By Frank Pingue
SOCHI, Russia (Reuters) - The chemistry shared between American twin sisters Monique and Jocelyne Lamoureux may well prove to be the key ingredient to landing the duo matching gold medals at the Sochi Olympics.
The 24-year-old sisters have competed in a variety of sports together from a young age but now they are doing it on the world stage for a U.S. women's ice hockey team chasing their first Olympic gold medal since 1998.
Jocelyne, who is two minutes younger than Monique, set up both her sister's goals in a 9-0 U.S. win over Switzerland on Monday that handed the team a bye to the semi-finals.
"We communicate really well and she just has the knack for hanging out in the quiet areas and I kind've know where she's going to be without having to really focus on making a conscious effort of finding her," Jocelyne told reporters.
"So it's a tribute to playing together pretty much in every sport we've grown up doing."
The Lamoureux sisters' careers have followed very similar paths from playing together on boys' and girls' youth teams, through university and finally for the national team.
Monique began her sporting career by doing gymnastics and dancing with Jocelyne, then moved on to playing high school all-state football in eighth grade. It was their brothers who guided the sisters to the ice.
In what looks like a display of twin telepathy, the sisters have a way of rattling opposing defenses and goalies with no-look passes.
In Wednesday's game, Jocelyn was digging the puck out of the corners while Monique was calmly hanging around the front of the net, seemingly knowing her sister would send the puck her way.
"It's awesome.
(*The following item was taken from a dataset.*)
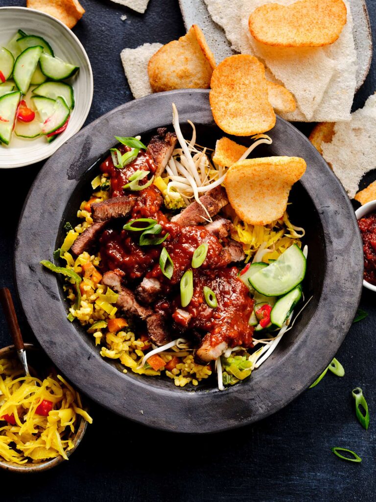 3. I serve it with noodles, atjar, bean sprouts, pickled cucumber and lots of prawn crackers.

Honestly both goals were a product of Jocelyn and (linemate Meghan Duggan) working the puck down low really well and me just finding the open spot in front," said Monique. "My success is totally reflected on them and how well they were doing in the corners.
"Obviously growing up together we played on all the same teams, had all the same coaches and we know how to read off each other better than everybody else we've ever played with."